Looking at Figure 8a, in general the sensitivity decreases as σ increases for a fixed sample size and q. For example when n₀ = n₁ = 10 and q = 6 the estimation procedure is perfectly sensitive (100%) when σ = 1 but has lower sensitivity (42%) when σ = 4. Also as the sample sizes increases for a fixed q and σ, sensitivity generally increases. Likewise, as the number of repeated observations increase, i.e. q increases, the sensitivity increases quite dramatically. This figure suggests that 6 repeated measurements is sufficiently large to detect differential abundance for strong (σ = 1) or medium (σ = 2) signals regardless of the sample size per group. On the other hand, we can look at the specificity in Figure 8b to see that these trends are no longer monotonic. In general we note that as q increases the specificity decreases and that as σ increases the specificity tends to increase. However, the trend for sample size is more nuanced and may variable due to the number of repetitions that were estimable. Using the metaSplines method there were cases with small sample size and repeated observations that the method returned no estimate.
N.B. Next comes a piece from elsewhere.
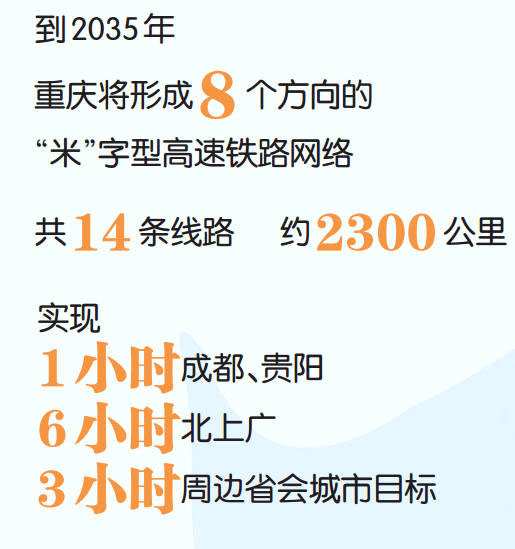 到2035年,重庆将建成联通亚欧、通达全国、畅通周边的铁路战略通道;形成以重庆枢纽为中心,“米”字型高速铁路通道为骨架,“两环十一干线多联线”普速铁路为基础,快捷融合的城际和市域铁路为支撑的现代化铁路网络体系,实现“区区通高铁、县县通铁路”。

The sensitivity results shown above were for a single choice of functional form, but this is another potential parameter of interest to test. We ran a similar set of parameter combinations for 7 other functional forms shown in Table 1 below to compare the sensitivity as a function of the type of trend. In this table we can see that the non-differential trends, Oscillating, and variable trends, Hockey Stick, had lower average sensitivity while the linear and quadratic trends tended to perform the best.
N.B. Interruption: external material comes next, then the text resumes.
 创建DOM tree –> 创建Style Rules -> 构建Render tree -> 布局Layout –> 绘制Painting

Continuous performance results

The continuous performance metrics for the cosine similarity, Euclidean distance and normalized Euclidean distance are shown in Figure 9 for the L_up trend with AR(1), ρ = 0.7. From this figure we see similar trends as the sensitivity results. Starting from the left most panel we see that the cosine similarity is highest when σ is small, q, n₀, n₁ are large. The spread of cosine similarity scores when q = 12 are very tightly clustered around 1 while the spread of values when q = 3 or q = 6 is larger. The center plot illustrates that using raw Euclidean distances with a small number of repeated measurements tend to have smaller distances, but this trend is not seen with normalized Euclidean distance in the last panel. Within each value of q in this middle panel there is a consistent trend that as the sample size per group increases the distance generally decreases. Finally moving to the last panel we have the normalized Euclidean distance, which can now be used to compare across different repeated measurement panels. We see a similar trend to the cosine similarity where the distance decreases, meaning better performance, for small σ and large q and n₀ = n₁.
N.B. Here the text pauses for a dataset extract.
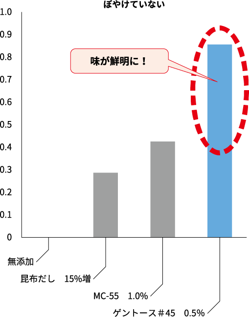 | ④ゲントース#45 0.5% | 昆布らしい余韻が出る。全体的に味が濃くなる。トップのインパクトあり。 |

Figure 9. Estimated values of performance metrics including cosine similarity, Euclidean distance, and normalized Euclidean distance based on 100 repetitions for an L_up Hockey Stick trend with AR(1) correlation structure, ρ = 0.7, simulated across multiple settings varying repeated measurements q, sample size per group, n₀ and n₁ and σ.

Note that the red dashed line serves as a reference point at 0.5 and the green dot in each panel represents the mean value across the 100 repetitions

Similar to the sensitivity performance metrics shown in Table 1, we can also compare the average value of the continuous performance metrics based on functional form. This is shown in Table 2. Similar trends appear in this table with the linear trends having the highest average cosine similarity scores and lowest average normalized Euclidean distance and non-differentiable trends peforming worse.